Classification of remotely sensed images with very high spatial resolution is investigated. The proposed method deals with the joint use of the spatial and the spectral information provided by the remote-sensing images. A definition of an adaptive neighborhood system is considered. Based on morphological area filtering, the spatial information associated with each pixel is modeled as the set of connected pixels with an identical gray value (flat zone) to which the pixel belongs: The pixels neighborhood is characterized by the vector median value of the corresponding flat zone. The spectral information is the original pixels value, be it a scalar or a vector value. Using kernel methods, the spatial and spectral information are jointly used for the classification through a support vector machine formulation. Experiments on hyperspectral and panchromatic images are presented and show a significant increase in classification accuracies for peri-urban area: For instance, with the first data set, the overall accuracy is increased from 80% with a conventional support vectors machines classifier to 86% with the proposed approach. Comparisons with other contextual methods show that the method is competitive.

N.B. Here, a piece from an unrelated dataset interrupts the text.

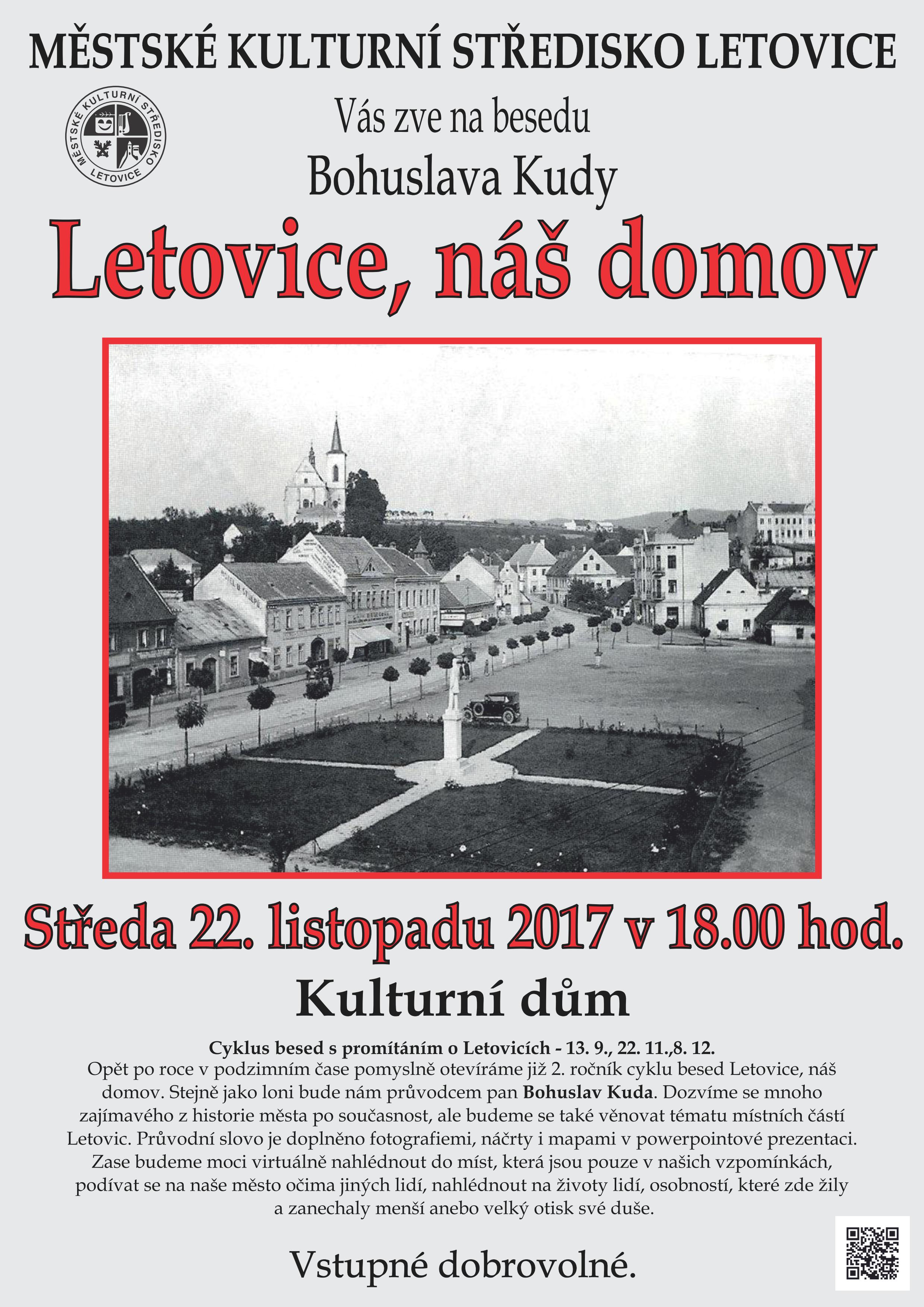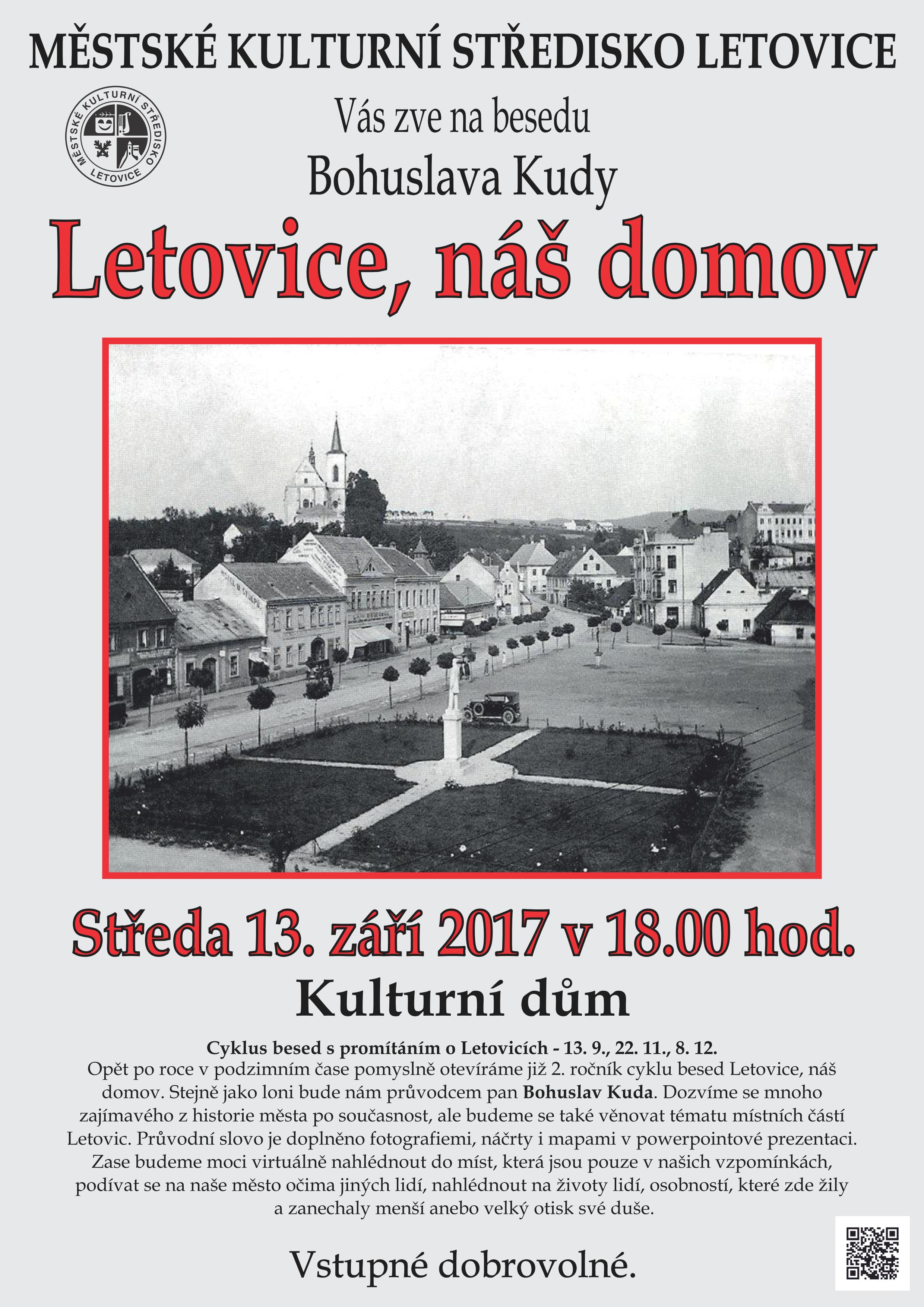 Opět po roce v podzimním čase pomyslně otevíráme již 2. ročník cyklu besed Letovice, náš domov. Stejně jako loni bude nám průvodcem pan Bohuslav Kuda. Dozvíme se mnoho zajímavého z historie města po současnost, ale budeme se také věnovat tématu místních částí Letovic. Průvodní slovo je doplněno fotografiemi, náčrty i mapami powerpointové prezentaci.

机译:研究了具有很高空间分辨率的遥感图像的分类。所提出的方法处理由遥感图像提供的空间和光谱信息的联合使用。考虑了自适应邻域系统的定义。基于形态学区域滤波,将与每个像素关联的空间信息建模为像素所属的具有相同灰度值(平坦区域)的一组连接像素:像素邻域由相应平坦区域的矢量中值表征区。光谱信息是原始像素值,可以是标量值或矢量值。使用核方法,通过支持向量机公式将空间和光谱信息联合用于分类。提出了针对高光谱和全色图像的实验,这些实验表明城郊区域的分类准确性显着提高:例如,使用第一个数据集,总体准确性从传统支持向量机分类器的80%提高到使用传统支持向量机分类器的86%建议的方法。与其他上下文方法的比较表明,该方法具有竞争力。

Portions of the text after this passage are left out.